Return on Luck

Return on Luck is a concept developed in the book Great by Choice. Our research showed that the great companies were not generally luckier than the comparisons—they did not get more good luck, less bad luck, bigger spikes of luck, or better timing of luck. Instead, they got a higher return on luck, making more of their luck than others. The critical question is not, Will you get luck? but What will you do with the luck that you get?
Excerpts from Great by Choice

We decided to undertake an analysis of luck, asking three basic questions:

  1. Is luck a common or rare element in the histories of the 10X and comparison cases?
  2. What role, if any, does luck play in explaining the divergent trajectories of 10X and comparison cases?
  3. What can leaders do about luck to help them build great companies on a 10X journey?

But first, we had to develop a rigorous and internally consistent method for analyzing the topic, beginning with a clear definition of a luck event. …Throughout our analysis, we were very careful to distinguish between luck and outcomes. An enterprise can get bad luck yet create a good outcome, and equally, a company can squander good luck and get a bad outcome. … The 10X cases and the comparisons both got luck, good and bad, in comparable amounts. The evidence leads us to conclude that luck does not cause 10X success. People do. The critical question is not “Are you lucky?” but “Do you get a high return on luck?”

Yes, [Bill] Gates was lucky, but luck is not why Gates became a 10Xer. Consider the following questions: Was Gates the only person of his era who grew up in an upper-middle-class American family? Was Gates the only person born in the mid-1950s who attended a secondary school with access to computing? Was Gates the only person who went to a college with computer resources in the mid-1970s? Was Gates the only person who read the Popular Electronics article? Was Gates the only person who knew how to program in BASIC? No, no, no, no, and no.

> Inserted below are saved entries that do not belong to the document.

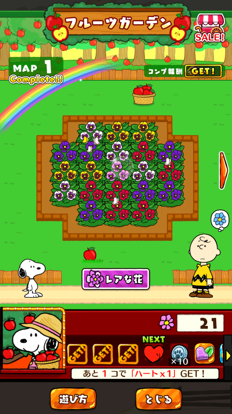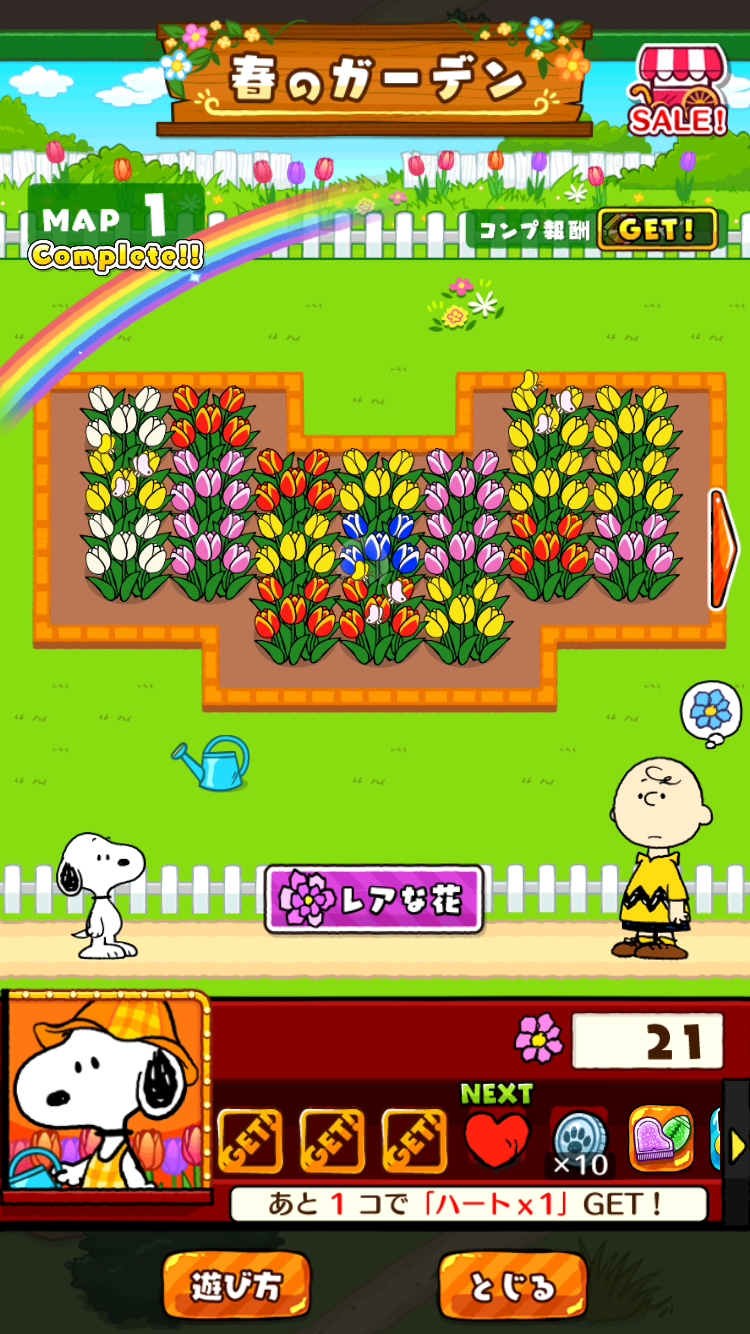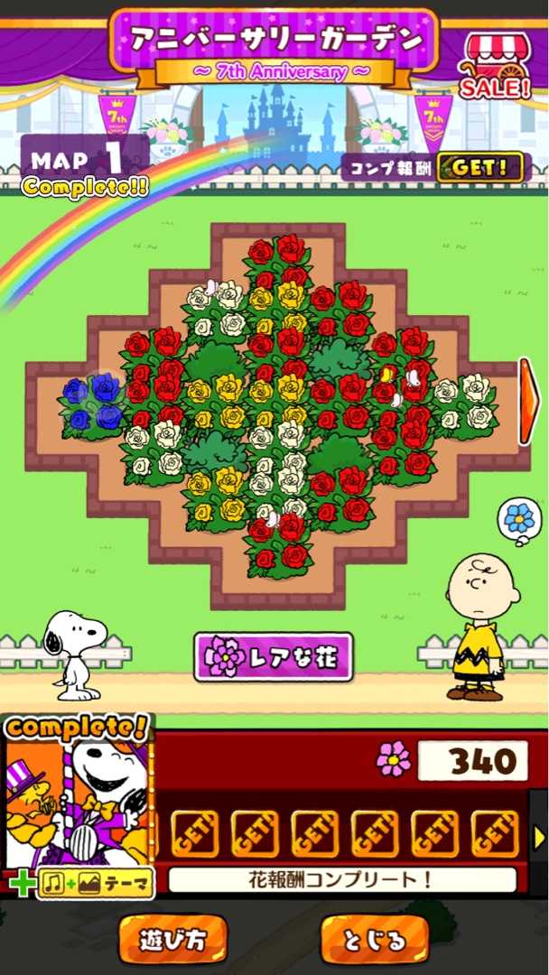 スヌーピードロップスの7周年イベントアニバーサリーガーデンがすごく可愛かった!レア花の青い薔薇は、1ガーデンで1つ咲いたり咲かなかったり・・(肥料は使わないこだわり) 青いバラが2つ咲いた! マップ11は全部咲かせる前にイベント期間が終了しましたー
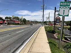 Construction on the Bel Air Bypass got underway in 1963.[14][15] The bypass was originally planned to pass around Hickory as well, but the northern extension was postponed by 1966.[15][16] When the bypass opened in 1965, taking US 1 out of downtown Bel Air, Belair Road from Benson to downtown Bel Air was temporarily designated as an extension of MD 147.[17] By 1966, US 1 Bus. was assigned from Benson north to the end of the bypass south of Hickory.[16] The extension of the Bel Air Bypass around Hickory was constructed in 2000. US 1 was subsequently placed on the new bypass, and US 1 Bus. was extended to its current length.[18]
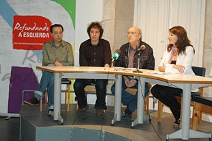 Como unha convidada máis, canda o profesor da USC especializado en pedagoxía Herminio Barreiro, o poeta e xornalista Xoán Abeleira e o escultor ferrolán Suso Basterrechea, presentaron o acto público que este sábado ás 11.30 horas, no Teatro Principal de Compostela, escenificará o inicio dun proceso que procura pór os alicerces dunha "alternativa real ao sistema capitalista".
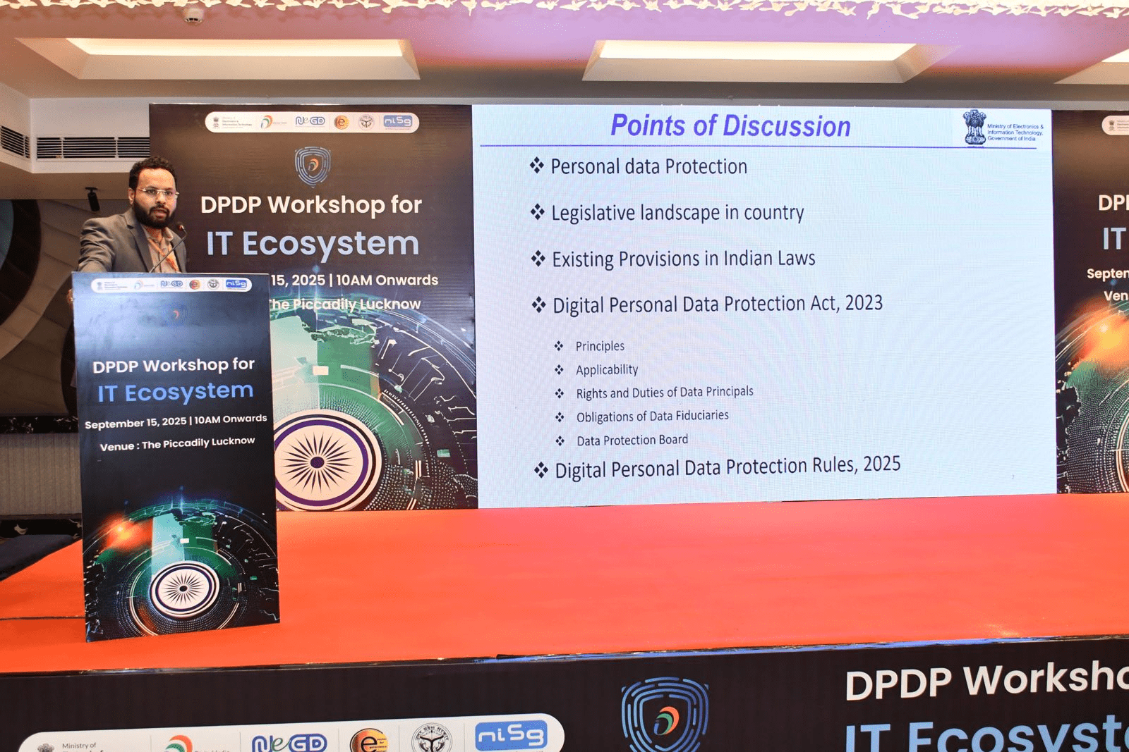 MeitY, in collaboration with NeGD and NISG, successfully conducted a one-day training program on Data Protection and Data Governance on September 15, 2025. The workshop brought together government officials, industry leaders, and data protection professionals to deepen understanding of the Digital Personal Data Protection Act, 2023 and its practical implementation. Sessions covered critical areas such as data inventory and mapping, consent management, notice requirements, rights of data principals, and technical and organisational safeguards for data protection.
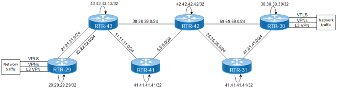 R(t)> 29.29.29.29/32 1 5001 Yes LSP_DEFAULT 24322 xe41 41.41.41.31
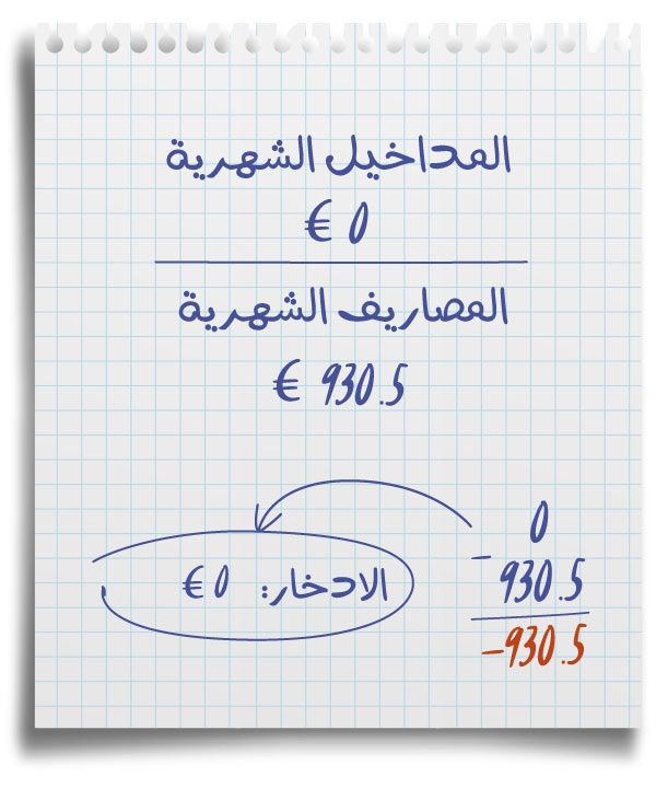 فيما يلي تفاصيل مداخيله ومصاريفه الشهرية:

Lakeside might have been one of the first schools to have a computer that students could access during those years, but it wasn’t the only such school. Gates might’ve been a math and computer whiz kid at a top college that had computers in 1975, but he wasn’t the only math and computer whiz kid at Harvard, Stanford, Princeton, Yale, MIT, Caltech, Carnegie Mellon, Berkeley, UCLA, Chicago, Georgia Tech, Cornell, Dartmouth, USC, Columbia, Northwestern, Penn, Michigan, or any number of other top colleges with comparable or even better computer resources. Gates wasn’t the only person who knew how to program in BASIC; the language had been developed by professors at Dartmouth a decade earlier, and it was widely known by 1975, used in academics and industry. And what about all the master’s and PhD students in electrical engineering and computer science who had even more computer expertise than Gates on the day the Popular Electronics article appeared? Any of them could have decided to abandon their studies and launch a personal computer–software company, as could have computer experts already working in industry and academia.

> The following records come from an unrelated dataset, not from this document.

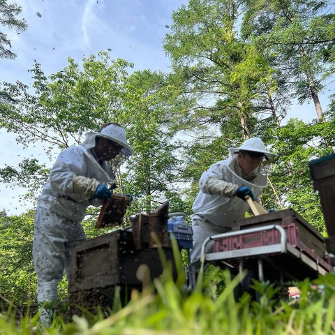 一匹のミツバチが一生でつくれる蜂蜜は、わずかティースプーンひとさじ。数万のミツバチたちが命をかけてうみだしたもの。そう思いながら、ひと瓶、ひと瓶。人の手で。時間も、手間もかかるけれど、ほんとうに大切なことだから。人も、まじめに、ていねいに。
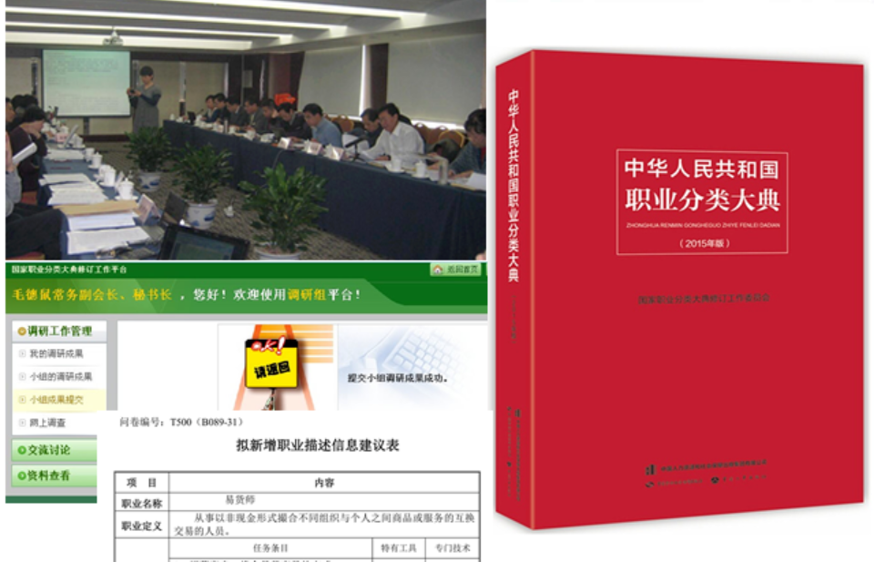 2010年12月,《中华人民共和国职业分类大典》修订工作启动。2011年8月3日,由中国商业联合会主办的商业服务业国家职业分类大典修订工作启动会议在北京召开。中国旧货业协会库存折扣商品专业委员会作为中国商业联合会代管的协会之一参加会议。毛德鼠会长被中国商业联合会聘为商业服务业国家职业分类大典修订工作委员会专家委员。在毛会长带领下,秘书处结合行业发展需求,进行了深入市场调研,从拟新增职业的社会需求、从业人群、特定知识体系、技能要求、稳定性与价值性、与国际接轨的需要等方面阐述了易货师新职业的必要性,提交《拟新增职业描述信息建议表》,提出增加“易货师”新职业,建议放在国家职业分类大典的第四大类、**中类的“贸易经纪代理人员”小类下。毛会长在参加人社部召开的职业信息评审会上为“易货师”新职业积极发声。
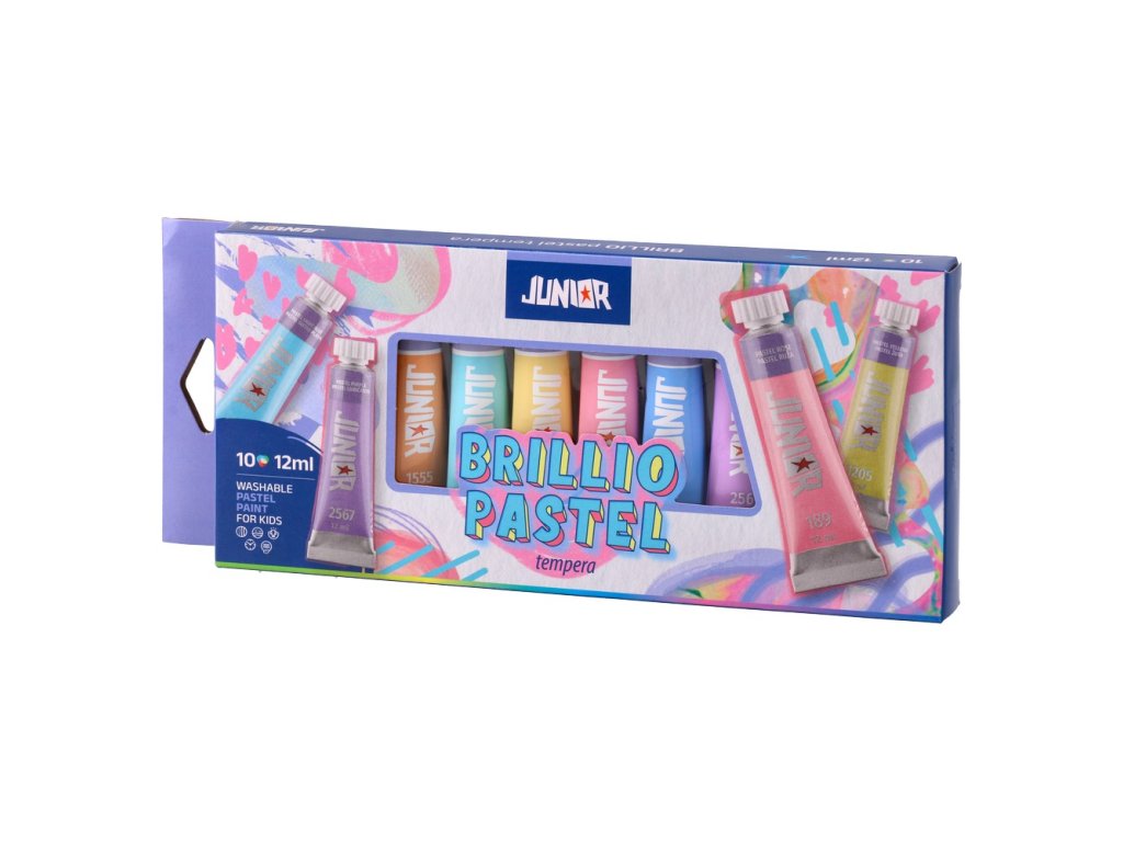 Temperové barvy Brillio JUNIOR nabízí širokou škálu barev s výborným krytím a jednoduchou aplikací. Netoxické a kvalitní s jasnými a dlouhotrvajícími barvami, díky čemuž jsou tou správnou volbou pro každé dítě. Kvalitní pigment a hustá struktura umožňují použití v různých technikách i masivní aplikace podobné akrylovým barvám.Doplňkové parametry
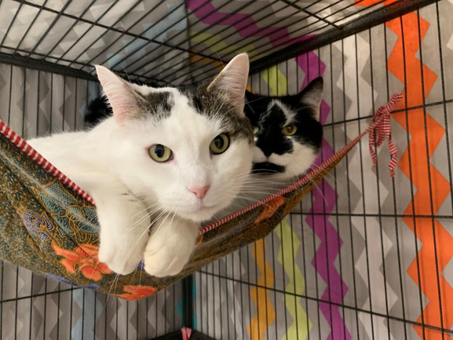 These two are so in love with each other! And in turn you will fall in love with them! Scat & Puss can be seen curled up & often paws around each other in their hammock whiling the day away. Brother & sister they are just over 7 years old & have been together all of their lives. They were rescued as kittens by a couple who love them dearly but their expanding family brought children who developed allergies and they had to make the hard decision to surrender these beautiful kitties.

But how many of them disrupted their life plans (and cut their sleep to near-zero, inhaling food as fast as possible so as not to let eating interfere with work) to throw themselves into writing BASIC for the Altair? How many of them defied their parents, dropped out of college, and moved to Albuquerque—Albuquerque! New Mexico!—to work with the Altair? How many of them got BASIC for the Altair written, debugged, and ready to ship before anyone else? Thousands of people could have done the exact same thing as Gates, at the exact same time, but they didn’t.

Across all the research we’ve conducted for this book and our previous books regarding what makes companies great (which has involved investigating the histories of 75 major corporations), we’ve never found a single instance of sustained performance due simply to pure luck. Yet also true, we’ve never studied a single great company devoid of luck events along its journey. Neither extreme—it’s all luck or luck plays no role—has the evidence on its side. A far better fit with the data is a synthesizing concept, return on luck.